EXERCISE INSTRUCTIONS:
Could you copy the data that follows exactly as written, but drop the pictures?

DATASET SECTION:
****************************************

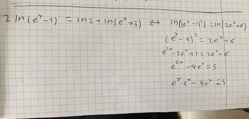Om du kallar ex för y lite tillfälligt, kan du då lösa den för den nu införda variabeln y?
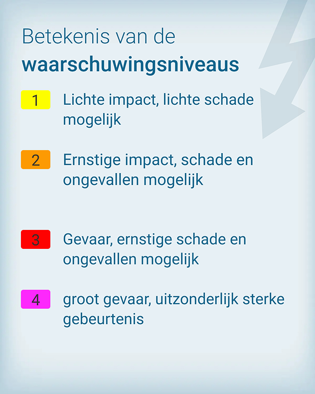 De kaart met waarschuwingen voor noodweer geeft een overzicht van de landelijke waarschuwingssituatie. Je ziet in één oogopslag waar extreem weer wordt verwacht, nu en in de komende 48 uur.
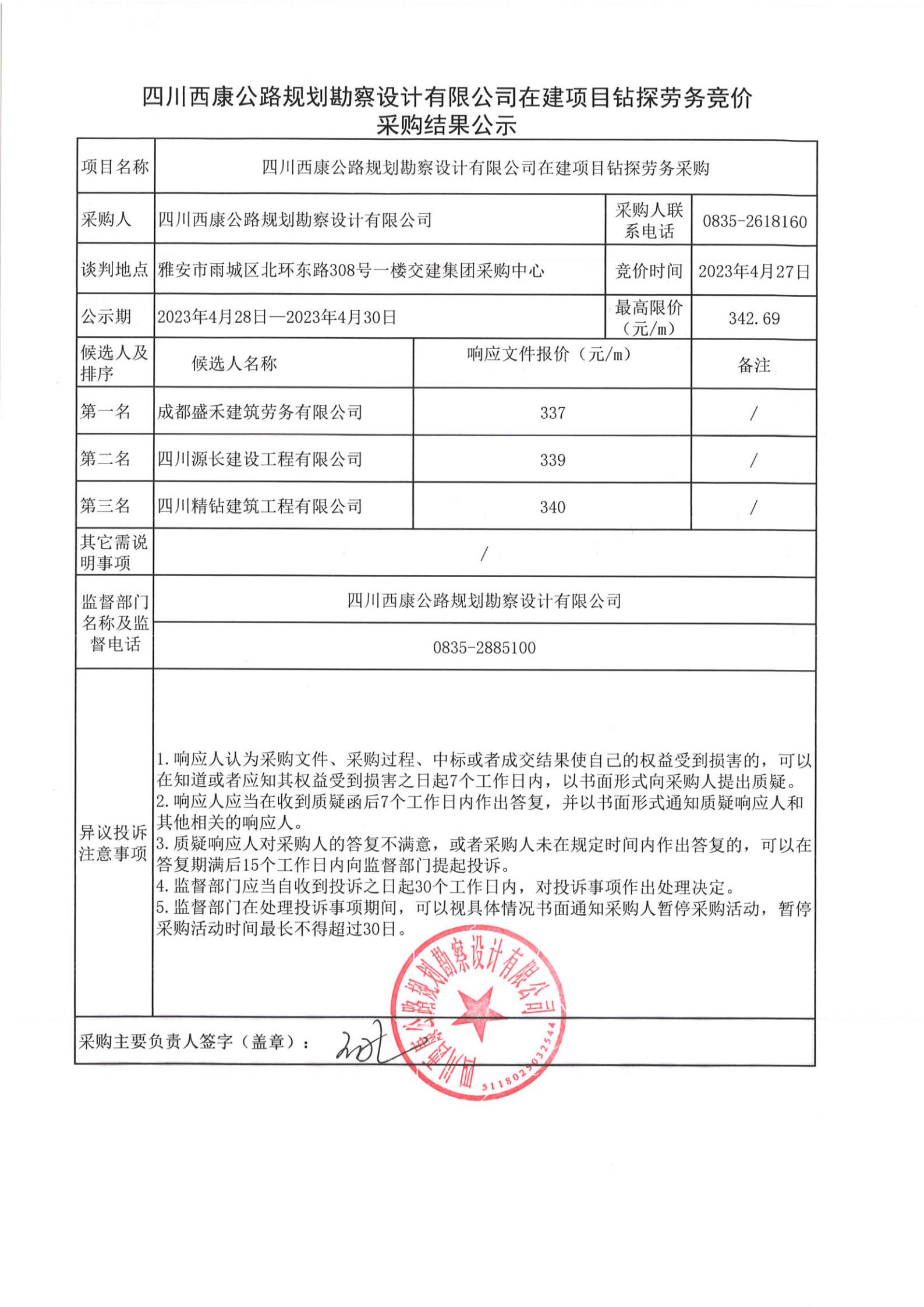 四川西康公路規(guī)劃勘察設計公司在建項目鉆探勞務競價采購結(jié)果公示

****************************************

EXERCISE SOLUTION:
Om du kallar ex för y lite tillfälligt, kan du då lösa den för den nu införda variabeln y?
 De kaart met waarschuwingen voor noodweer geeft een overzicht van de landelijke waarschuwingssituatie. Je ziet in één oogopslag waar extreem weer wordt verwacht, nu en in de komende 48 uur.
 四川西康公路規(guī)劃勘察設計公司在建項目鉆探勞務競價采購結(jié)果公示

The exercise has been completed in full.